Raymond Georgein fut un artiste peintre connu internationalement de la Chine aux Etats-Unis, membre de l’Atelier des Beaux-Arts de mai 68…et créateur de l’atelier sérigraphie de la section PSU 20e. Raymond, nouvel adhérent de notre section, amenait chaque semaine un petit rouleau des affiches tamponnées Beaux-Arts. Nous devions les coller toutes sans exception ; mais je ne regrette pas d’avoir, malgré cette consigne politique, conservé un exemplaire de chaque affiche car cela représente une précieuse fraction d’archives historiques Quand le pouvoir gaulliste ferma le dangereux pôle de contestation que constituaient les beaux-arts, Raymond entraîna quelques camarades libertaires rue Borromée au siège national du PSU et, pendant quelques mois, il continua avec eux à élaborer et à imprimer des affiches sérigraphie au dos de la célèbre affiche PSU aux foules stylisées : « Pouvoir ouvrier, pouvoir paysan, pouvoir étudiant, pouvoir au peuple » ; l’atelier fonctionna au second étage de la rue Borromée au-dessus du bureau du secrétaire national Michel Rocard.
C’est Raymond qui proposa à notre section parisienne la création d’un atelier sérigraphie local, qui l’organisa et l’anima pendant de nombreux mois. Sa gentillesse souriante, son humour délicat, son intelligence subtile, sa créativité, sa passion du travail collectif ont été fondamentaux pour la vie de l’atelier. Il savait rendre le travail participatif, joyeux et efficace. J’allais acheter le matériel, les cadres à toile de nylon, les raclettes, les pots de peinture chez Tripette et Renaud dans le Sentier. Pour le séchage des affiches fraîchement imprimées j’avais fabriqué 5 ou 6 cadres en bois bordés de pinces à linge, cadres destinés à leur suspension. Il y avait même un système de poulies et de ficelles pour hisser les cadres au plafond du pavillon de la rue Géo Chavez mis à notre disposition par un sympathisant qui attendait un acquéreur. Les premières œuvres avaient été imprimées dans l’atelier de notre camarade photographe Laurent Zundel ; Voir article « Les riches heures d’un atelier de sérigraphie »
Les premières toiles de Raymond stigmatisaient le sinistre enfermement concentrationnaire des immeubles pompidoliens de très grande hauteur qu’il connaissait bien puisqu’il habitait rue de la Py, rue pas très éloignée de ce quartier saint Blaise, qui est devenu le quartier le plus dense d’Europe.
Sa seconde période fascinée par mai 68 fut celle des collages « surréalistes » avec des peintures mixant foules de manifestants, sexes, visages, journaux. J’ai longtemps reçu des cartes de vœux de ce type fort original.
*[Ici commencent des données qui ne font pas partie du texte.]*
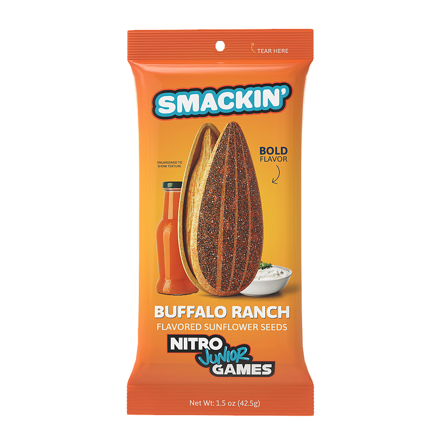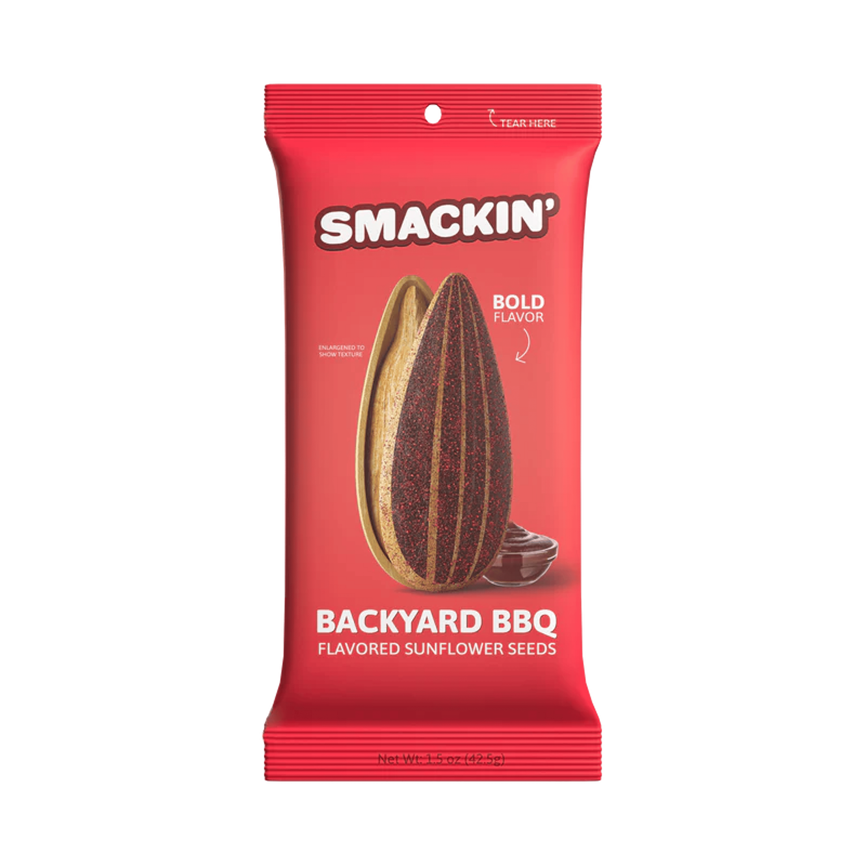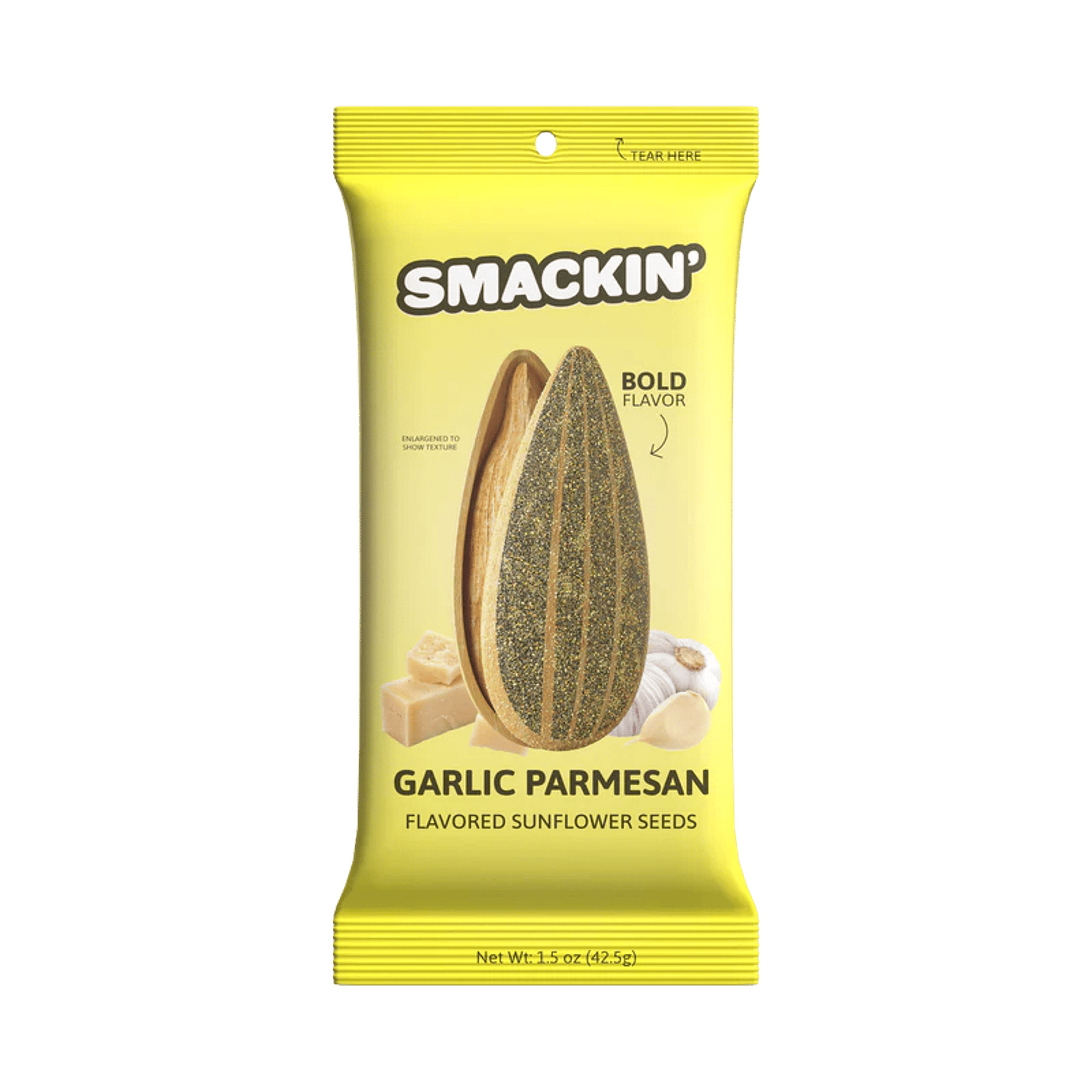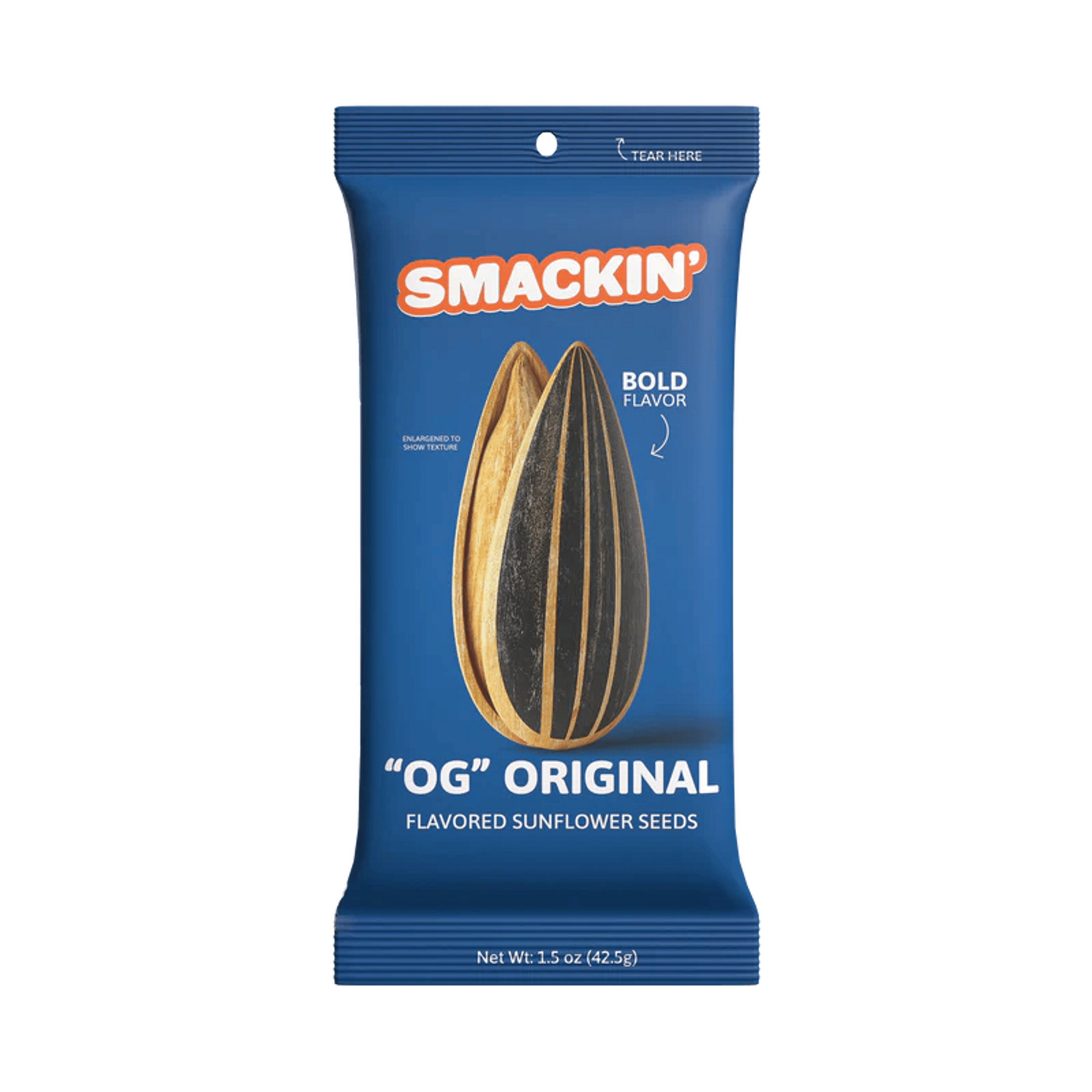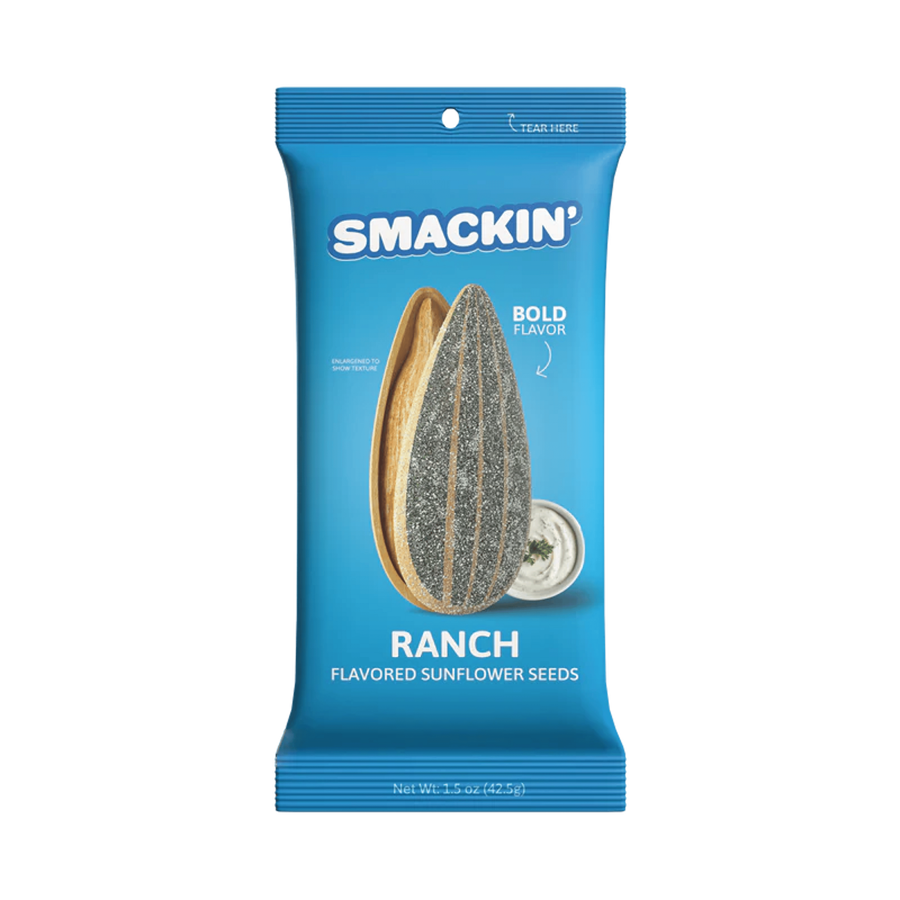 Smackin' Sunflower Seeds deliver bold, creative flavor in every crunchy, in-shell bite. Each 1. 5oz bag is sold individually, so you can mix and match your favorite flavors or try something new with every order. Whether you're into sweet, spicy, savory, or wild, there's a Smackin' flavor that'll keep your snack game strong. Perfect for athletes, game days, road trips, or everyday munching, these seeds bring big taste in a perfectly portioned pack. Available Flavors (each sold separately, 1. 5oz bags): Ranch. Cracked Pepper. Garlic Parmesan. Cheddar Jalapeno. Dill Pickle. Churro. BBQ. OG (Original). Bacon. Cinnamon Roll. Pizza. Maple Brown Sugar. Guac. Salsa. Taco. Lemon Pepper.

Dans une troisième période, il associa collages et sculptures à partir de morceaux de mannequins de grands magasins, peints d’une blancheur éclatante. Les hauts murs de son atelier-domicile de la rue de la Py étaient encerclés par une sarabande de ces mannequins féminins vêtus de leurs érotiques chemises nocturnes qui donnaient vie à un stock de toiles. Un repas chez lui était un voyage étonnant, avec des dialogues passionnants !
Sa dernière période a été marquée par l’influence de son amie chinoise, avec de délicates couleurs pastel derrière de fins réseaux de toiles. J’ai une belle affiche de son exposition « Retour de Chine » en mai 1994. Sur wikipedia vous verrez que quelques-unes de ses oeuvres sont encore dans les salles de ventes
Sa peinture et sa vie sont une synthèse harmonieuse de l’art, de la politique et de l’érotisme. Ce personnage hors norme a marqué profondément toute une période de la vie de notre section PSU. Il est mort en 2002.